EXERCISE PROMPT>
From the first line to the last, copy the material exactly and leave the pictures out.

AVAILABLE DATA>
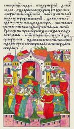 Keywords: Facial Chronicle - b.22, p. 129.gif О сиби ских послах В том же году в янва е п ишли послы к ца ю и великому князю из Сиби и от Сиби ского князя Едиге я и от всей земли сиби ских людей Тяг иул да Панъяды а позд авляли госуда я ца я и великого князя на ца ствах на Казанском и на Аст аханском; да били челом госуда ю от князя Едиге а и от всей земли чтобы госуда ь их князя и всю землю Сиби скую взял за себя в свое имя и со всех сто он от в агов защитил и дань свою на них возложил и до огу своего п ислал кото ому дань соб ать http //www runivers ru/bookreader/book482205/ page/17/mode/1up century 16 anonimus Facial Chronicle v 9 - Sinodalniy tom 1533-1542; 1553-1567 Files uploaded by Shakko from various sources PD-Art
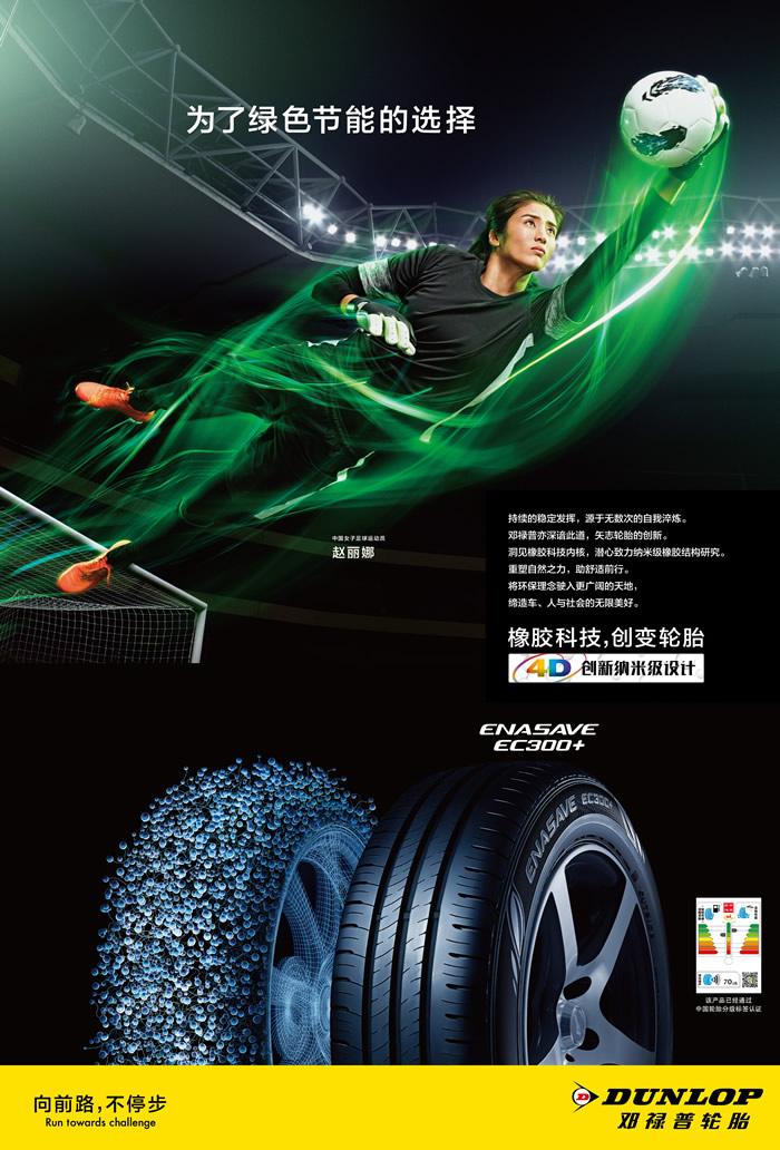 中國女子足球運動員趙麗娜呈現(xiàn)“持續(xù)的穩(wěn)定發(fā)揮,源于無數(shù)次的自我淬煉” 的精神面貌,正如鄧祿普矢志輪胎的創(chuàng)新,為了綠色節(jié)能的選擇,推出環(huán)保型輪胎ENASAVE EC300+,將環(huán)保理念駛?cè)敫鼜V闊的天地,締造車、人與社會的無限美好。
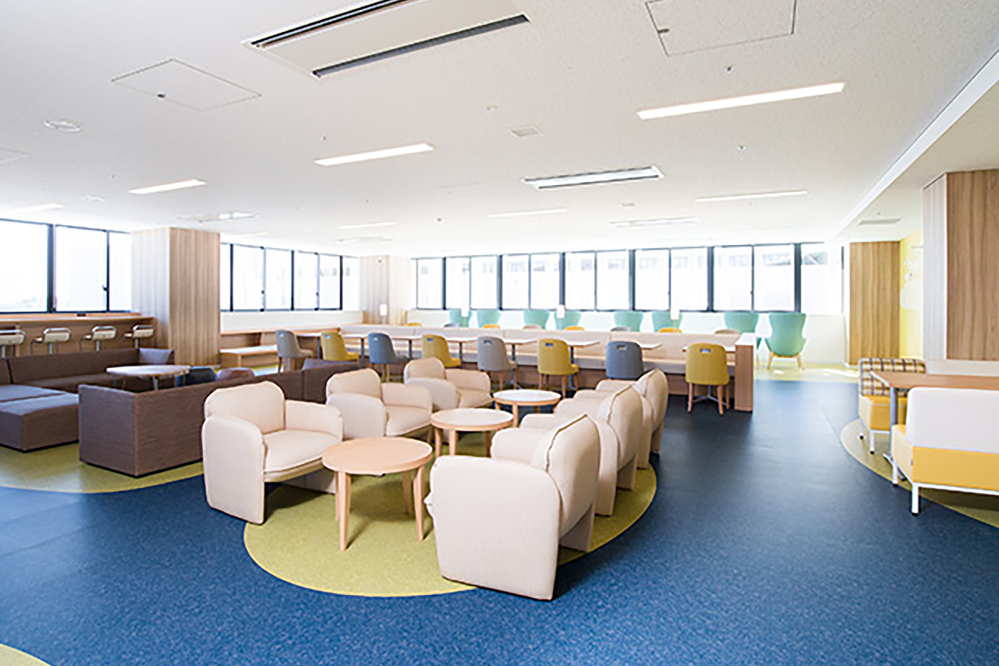 内装や造作家具、既製品家具をトータルでご提案し、個人での利用はもちろん、グループでの利用もできるよう、多種多様な空間に仕上げています。
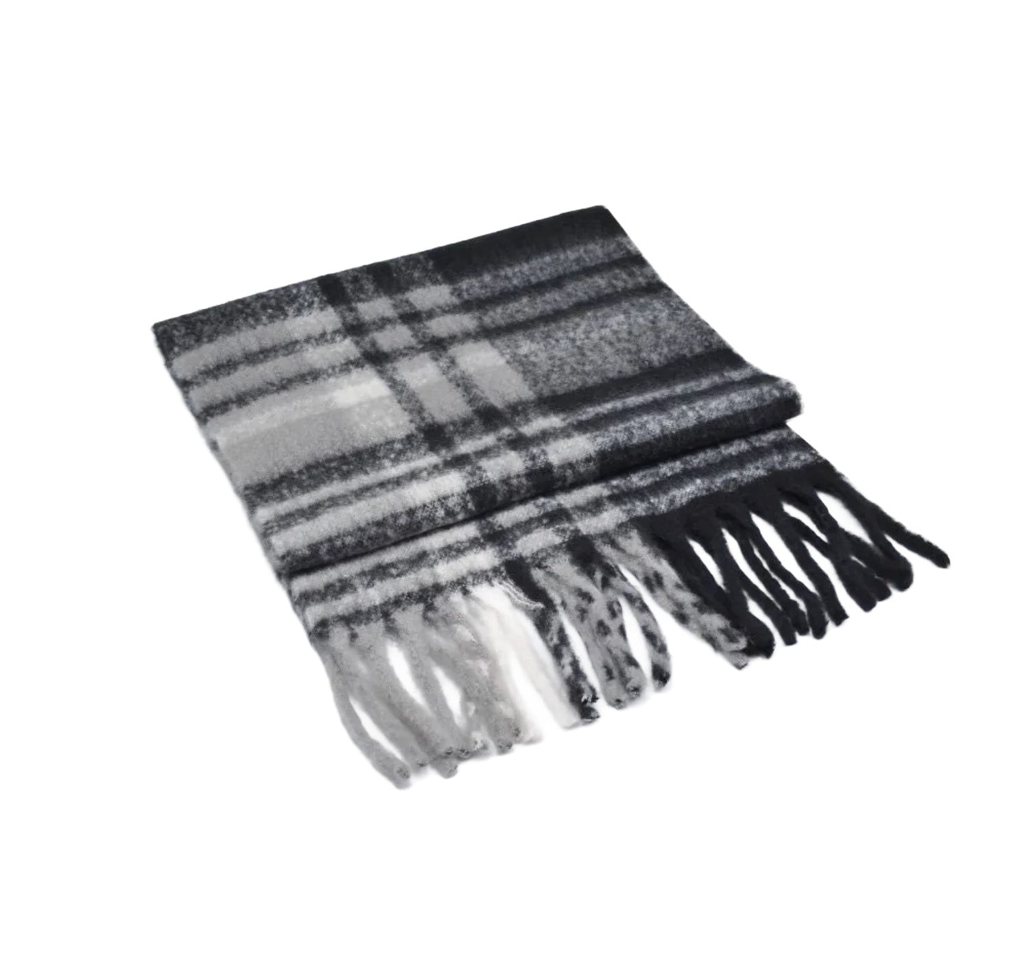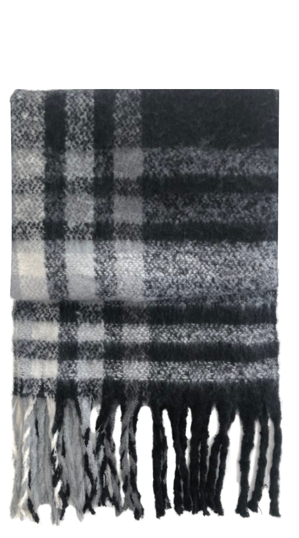 Απαλό και ζεστό κασκόλ σε γκρι αποχρώσεις με καρό σχέδιο. Ζεστό και ευχάριστο στην αφή, ιδανικό για τις κρύες μέρες του χειμώνα. Διαθέτει κρόσσια στο τελείωμα και προσθέτει cozy στυλ σε κάθε εμφάνιση.
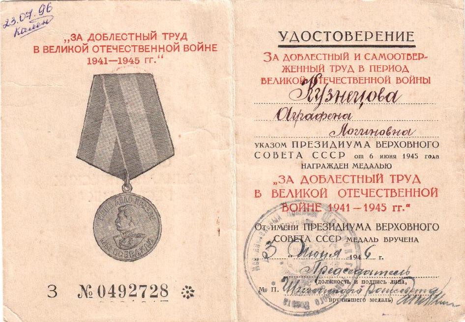 В годы войны трудилась в тылу, за что была награждена медалью «За доблестный труд в Великой Отечественной войне 1941–1945 гг.»
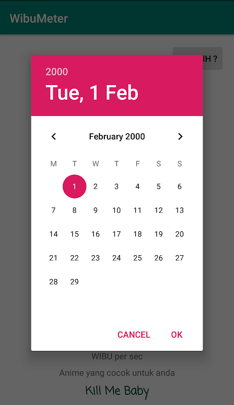 Aplikasi ini digunakan untuk mengukur tingkat ke-wibu-an seseorang.
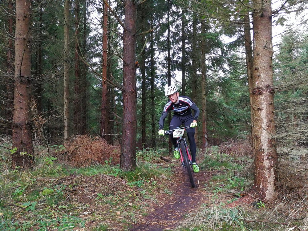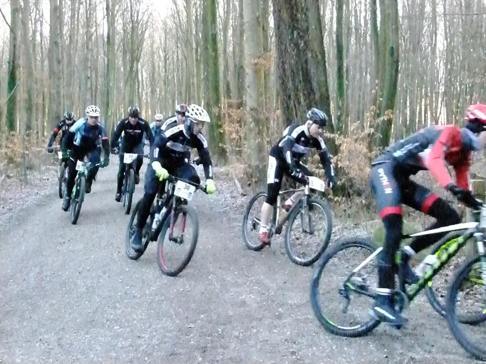 Det var virkeligt rart at slippe for mudder, og der var rigtig godt fart i cyklen på den frosene jord. Mange tekniske stykker hvor man kunne hente fart, hvis man brugte sin teknik rigtig. Efter et par omgange kom der ”sort is” og det Odlo-Deuter provins MTB16-10-2017
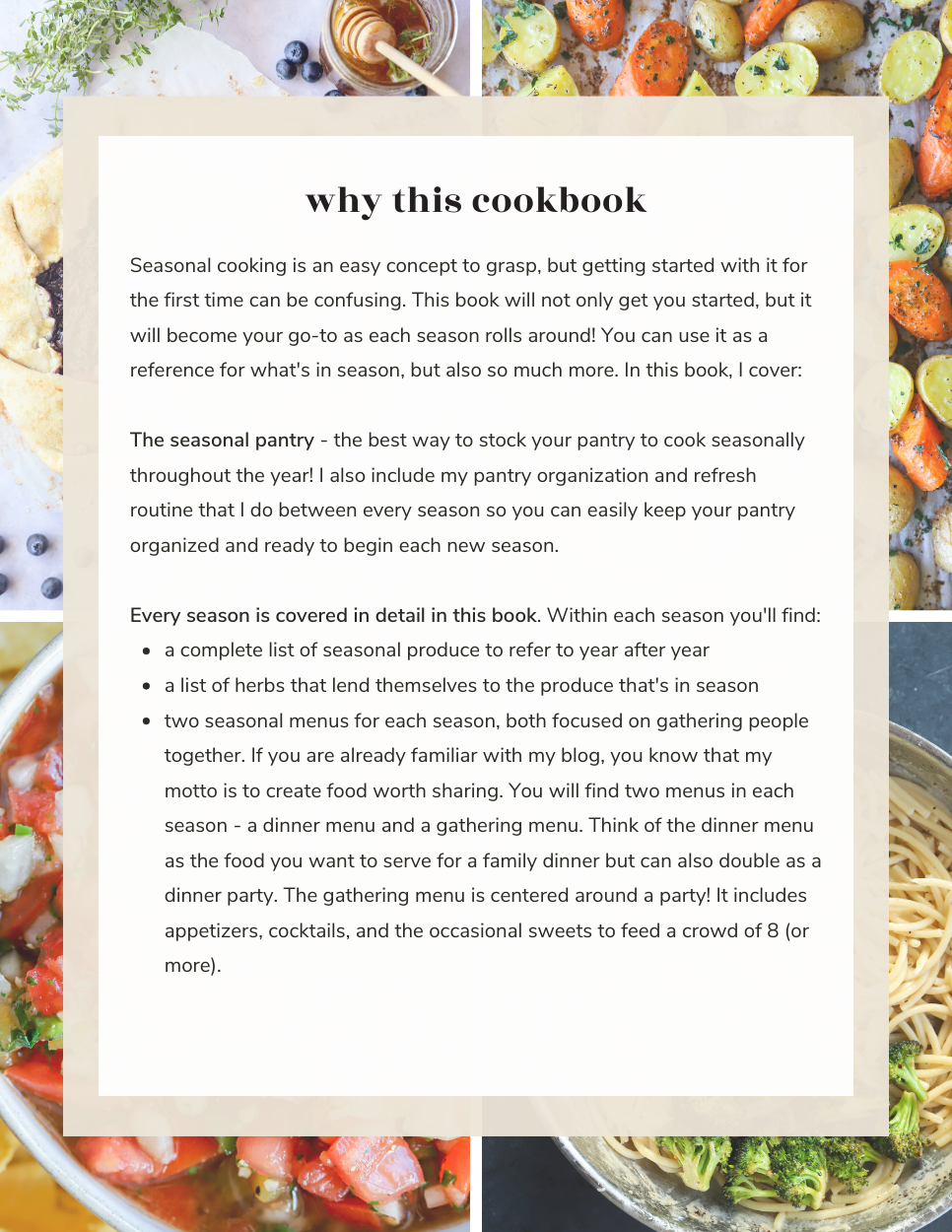 - The Seasonal Pantry - a chapter dedicated to how to stock your pantry year round to make the most of seasonal produce in your recipes! I also included an organization and refresh routine to refer to at the beginning of each new season.
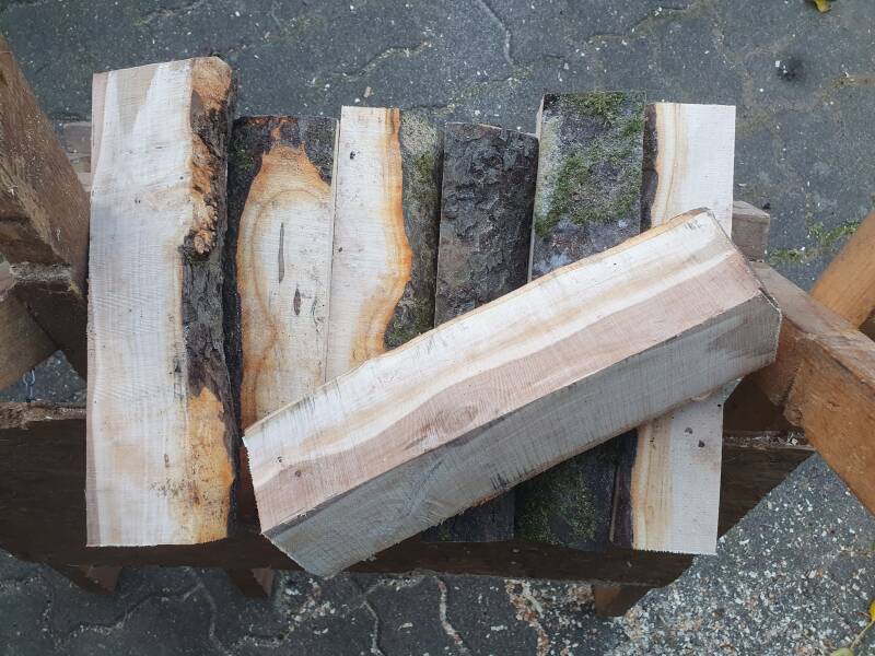 So sind z.B. für Pfeffermühlen selbst erzeugte Kanteln in erlebbarer Zeit und hoffentlich ohne zu großen Ausschuss zu trocknen. Aus Aststücken werden also Kanteln gesägt und die Enden mit Wachs versiegelt; das reduziert die schnelle Verdunstung an den angeschnittenen Poren der Stirnseiten, und reduziert damit die beim Trocknen auftretenden Spannungen. Jetzt müssen wir warten, bis sie trocken sind ...
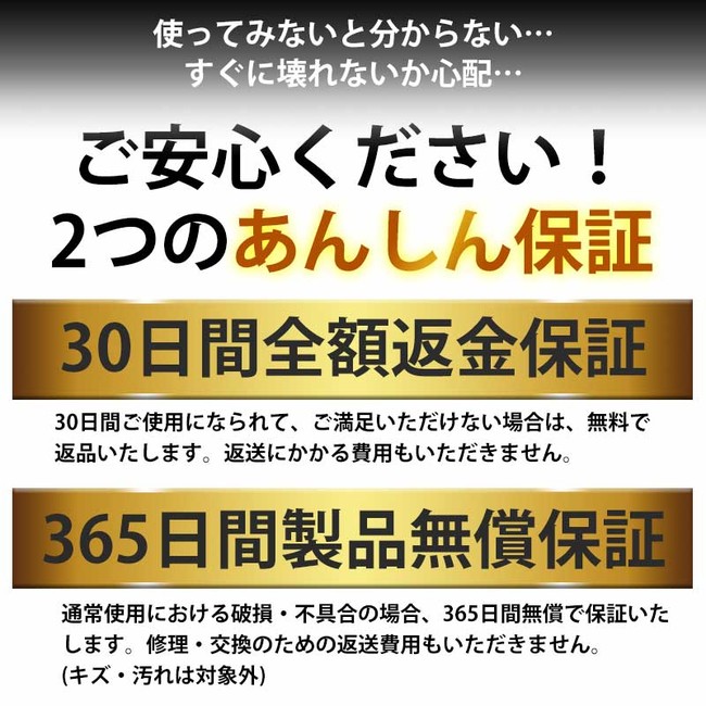 「壊れないか心配…。」という声をたくさんいただきました。そこで、通常使用における破損や不具合は365日間無償で修理もしくは交換を実施しております。返送費用もいただきません。

TASK OUTPUT>
 Keywords: Facial Chronicle - b.22, p. 129.gif О сиби ских послах В том же году в янва е п ишли послы к ца ю и великому князю из Сиби и от Сиби ского князя Едиге я и от всей земли сиби ских людей Тяг иул да Панъяды а позд авляли госуда я ца я и великого князя на ца ствах на Казанском и на Аст аханском; да били челом госуда ю от князя Едиге а и от всей земли чтобы госуда ь их князя и всю землю Сиби скую взял за себя в свое имя и со всех сто он от в агов защитил и дань свою на них возложил и до огу своего п ислал кото ому дань соб ать http //www runivers ru/bookreader/book482205/ page/17/mode/1up century 16 anonimus Facial Chronicle v 9 - Sinodalniy tom 1533-1542; 1553-1567 Files uploaded by Shakko from various sources PD-Art
 中國女子足球運動員趙麗娜呈現(xiàn)“持續(xù)的穩(wěn)定發(fā)揮,源于無數(shù)次的自我淬煉” 的精神面貌,正如鄧祿普矢志輪胎的創(chuàng)新,為了綠色節(jié)能的選擇,推出環(huán)保型輪胎ENASAVE EC300+,將環(huán)保理念駛?cè)敫鼜V闊的天地,締造車、人與社會的無限美好。
 内装や造作家具、既製品家具をトータルでご提案し、個人での利用はもちろん、グループでの利用もできるよう、多種多様な空間に仕上げています。
 Απαλό και ζεστό κασκόλ σε γκρι αποχρώσεις με καρό σχέδιο. Ζεστό και ευχάριστο στην αφή, ιδανικό για τις κρύες μέρες του χειμώνα. Διαθέτει κρόσσια στο τελείωμα και προσθέτει cozy στυλ σε κάθε εμφάνιση.
 В годы войны трудилась в тылу, за что была награждена медалью «За доблестный труд в Великой Отечественной войне 1941–1945 гг.»
 Aplikasi ini digunakan untuk mengukur tingkat ke-wibu-an seseorang.
 Det var virkeligt rart at slippe for mudder, og der var rigtig godt fart i cyklen på den frosene jord. Mange tekniske stykker hvor man kunne hente fart, hvis man brugte sin teknik rigtig. Efter et par omgange kom der ”sort is” og det Odlo-Deuter provins MTB16-10-2017
 - The Seasonal Pantry - a chapter dedicated to how to stock your pantry year round to make the most of seasonal produce in your recipes! I also included an organization and refresh routine to refer to at the beginning of each new season.
 So sind z.B. für Pfeffermühlen selbst erzeugte Kanteln in erlebbarer Zeit und hoffentlich ohne zu großen Ausschuss zu trocknen. Aus Aststücken werden also Kanteln gesägt und die Enden mit Wachs versiegelt; das reduziert die schnelle Verdunstung an den angeschnittenen Poren der Stirnseiten, und reduziert damit die beim Trocknen auftretenden Spannungen. Jetzt müssen wir warten, bis sie trocken sind ...
 「壊れないか心配…。」という声をたくさんいただきました。そこで、通常使用における破損や不具合は365日間無償で修理もしくは交換を実施しております。返送費用もいただきません。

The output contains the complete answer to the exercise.